## PROBLEM DESCRIPTION
Apart from the pictures, which must be omitted, restate the data exactly.

## RECORDS FOR THE TASK

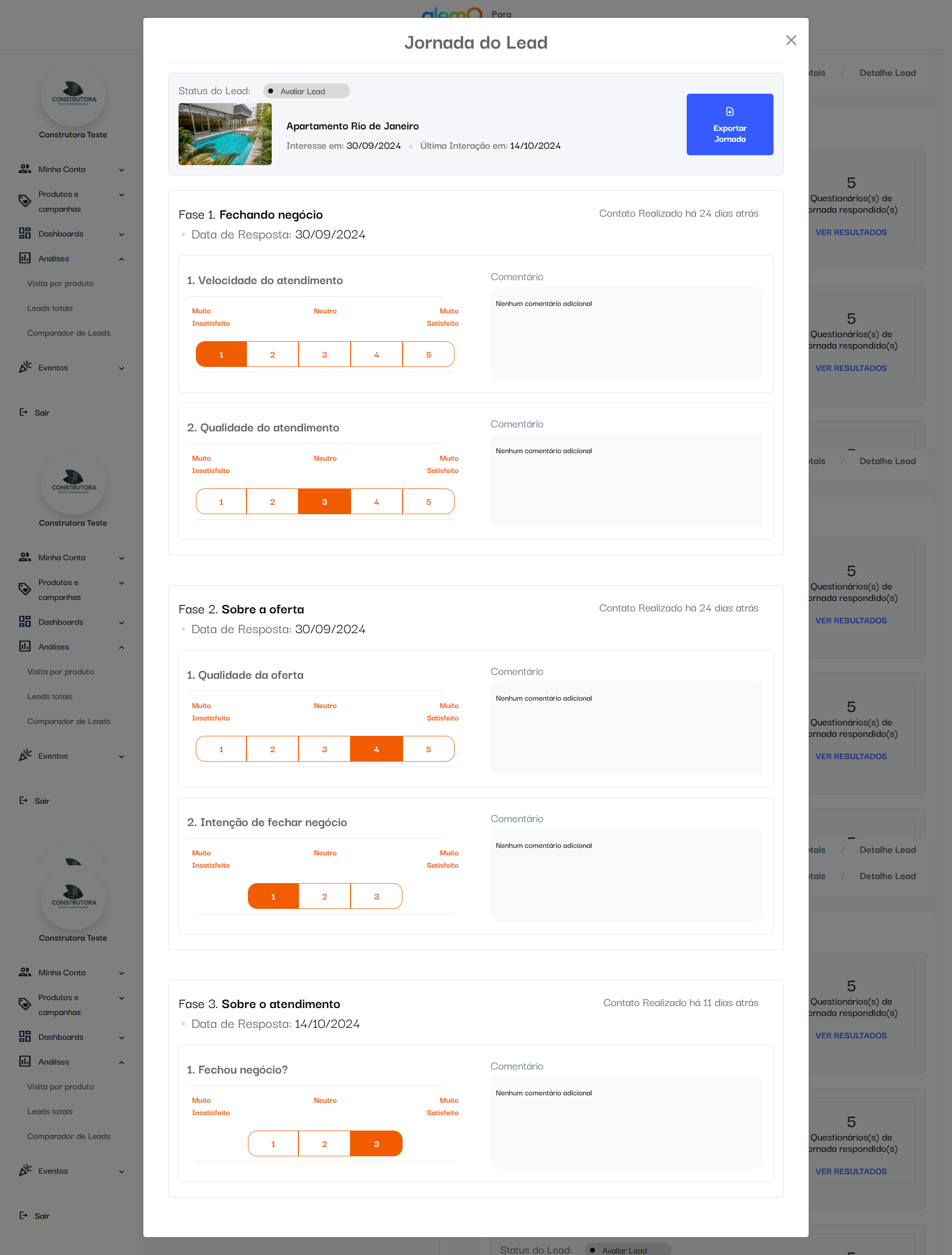 Ao acessar a opção "VER RESULTADOS" do lead, abaixo do indicador de quantidade de questões da jornada do leads respondidas, é acessado a ficha de jornada desse lead, com as métricas e opiniões desse lead durante a jornada
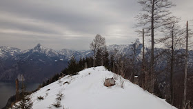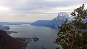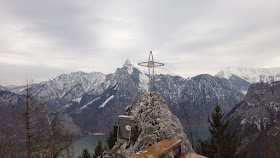 Ich laufe also an der Pfarrkirche Ebensee vorbei, bringe eine lästig-steile Asphaltsteigung hinter mich und steige flugs in den Wanderweg ein. Die Kirche wird immer kleiner und ich fühle mich wie ein Adler, der über seinem Nest kreist. Der Weg ist unschwierig und völlig aper und so kann ich den "Stopp-Button" meiner
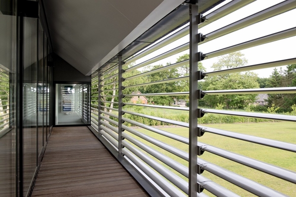 Aan de straatkant ziet de woning er van buiten ingetogen uit, maar aan de achterkant is het buitenleven geïntegreerd in de woning en is de gevel nagenoeg geheel van glas. Om overmatige instraling van zonlicht te voorkomen is de gevel op de verdieping aan de zuidzijde geheel voorzien van lamellen. Hierdoor behoud de woning zijn ingetogen karakter en ook zijn “schuurachtige” gesloten vorm . Aan de noordelijke straatzijde is over de volledige lengte een doorlopende lange gang gesitueerd. Op de begane grond vormt deze gang een buffer tussen de diverse woonfuncties en het voorterrein aan de straat. Omdat de gang door middel van een vide in verbinding staat met de verdieping, beleef je deze ruimte integraal als een straat of looproute door de woning, van waaruit alle “woonfuncties” bereikbaar zijn.
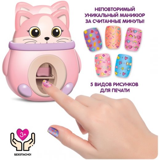 Набор для дизайна ногтей «КОШАЧЬИ ЛАПКИ» Eva Moda Bondibon – идеальный и оригинальный подарок для девочки. Стемпинг – это техника декорирования ногтей, при которой рисунок отпечатывается со специальной пластины на ноготки при помощи штампа. С таким устройством создать аккуратный маникюр быстро и просто – наносите цветной лак, помещаете пальчик в специальное отверстие, нажимаете на штамп, покрываете все прозрачным лаком, сушите и наслаждаетесь результатом. Это набор XXXL, в нем есть все, что нужно: принтер, 5 разноцветных лаков, 1 прозрачный лак, 5 картриджей с узорами, 62 наклейки для ногтей, разделитель, спонж, пилочка и инструкция. Водорастворимая формула позволяет легко удалить лак водой или снять пленкой. Продукция полностью сертифицирована и прошла все этапы контроля качества.
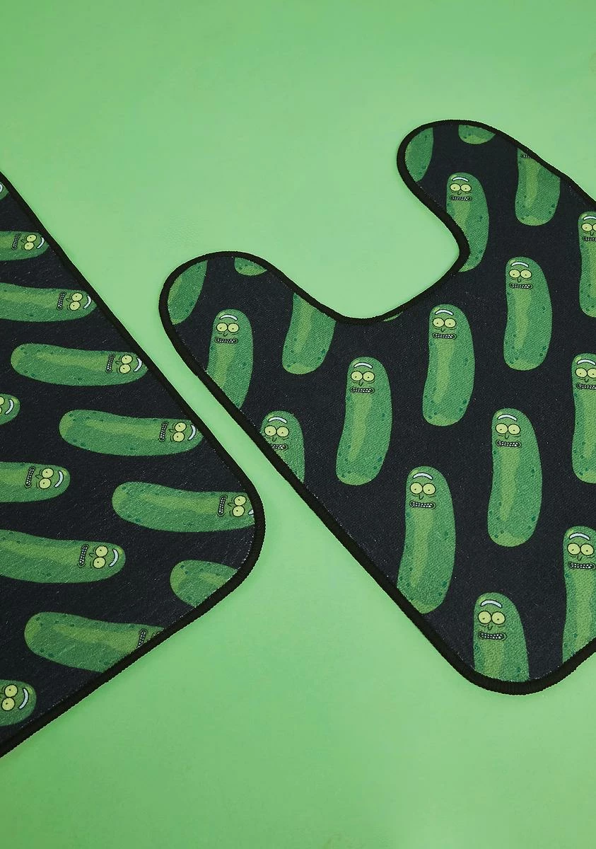 can’t you turn yourself back into human form? This toilet mat and bath mat set has anxious Pickle Ricks printed all over.

## OUTPUT OF THE EXERCISE
 Ao acessar a opção "VER RESULTADOS" do lead, abaixo do indicador de quantidade de questões da jornada do leads respondidas, é acessado a ficha de jornada desse lead, com as métricas e opiniões desse lead durante a jornada
 Ich laufe also an der Pfarrkirche Ebensee vorbei, bringe eine lästig-steile Asphaltsteigung hinter mich und steige flugs in den Wanderweg ein. Die Kirche wird immer kleiner und ich fühle mich wie ein Adler, der über seinem Nest kreist. Der Weg ist unschwierig und völlig aper und so kann ich den "Stopp-Button" meiner
 Aan de straatkant ziet de woning er van buiten ingetogen uit, maar aan de achterkant is het buitenleven geïntegreerd in de woning en is de gevel nagenoeg geheel van glas. Om overmatige instraling van zonlicht te voorkomen is de gevel op de verdieping aan de zuidzijde geheel voorzien van lamellen. Hierdoor behoud de woning zijn ingetogen karakter en ook zijn “schuurachtige” gesloten vorm . Aan de noordelijke straatzijde is over de volledige lengte een doorlopende lange gang gesitueerd. Op de begane grond vormt deze gang een buffer tussen de diverse woonfuncties en het voorterrein aan de straat. Omdat de gang door middel van een vide in verbinding staat met de verdieping, beleef je deze ruimte integraal als een straat of looproute door de woning, van waaruit alle “woonfuncties” bereikbaar zijn.
 Набор для дизайна ногтей «КОШАЧЬИ ЛАПКИ» Eva Moda Bondibon – идеальный и оригинальный подарок для девочки. Стемпинг – это техника декорирования ногтей, при которой рисунок отпечатывается со специальной пластины на ноготки при помощи штампа. С таким устройством создать аккуратный маникюр быстро и просто – наносите цветной лак, помещаете пальчик в специальное отверстие, нажимаете на штамп, покрываете все прозрачным лаком, сушите и наслаждаетесь результатом. Это набор XXXL, в нем есть все, что нужно: принтер, 5 разноцветных лаков, 1 прозрачный лак, 5 картриджей с узорами, 62 наклейки для ногтей, разделитель, спонж, пилочка и инструкция. Водорастворимая формула позволяет легко удалить лак водой или снять пленкой. Продукция полностью сертифицирована и прошла все этапы контроля качества.
 can’t you turn yourself back into human form? This toilet mat and bath mat set has anxious Pickle Ricks printed all over.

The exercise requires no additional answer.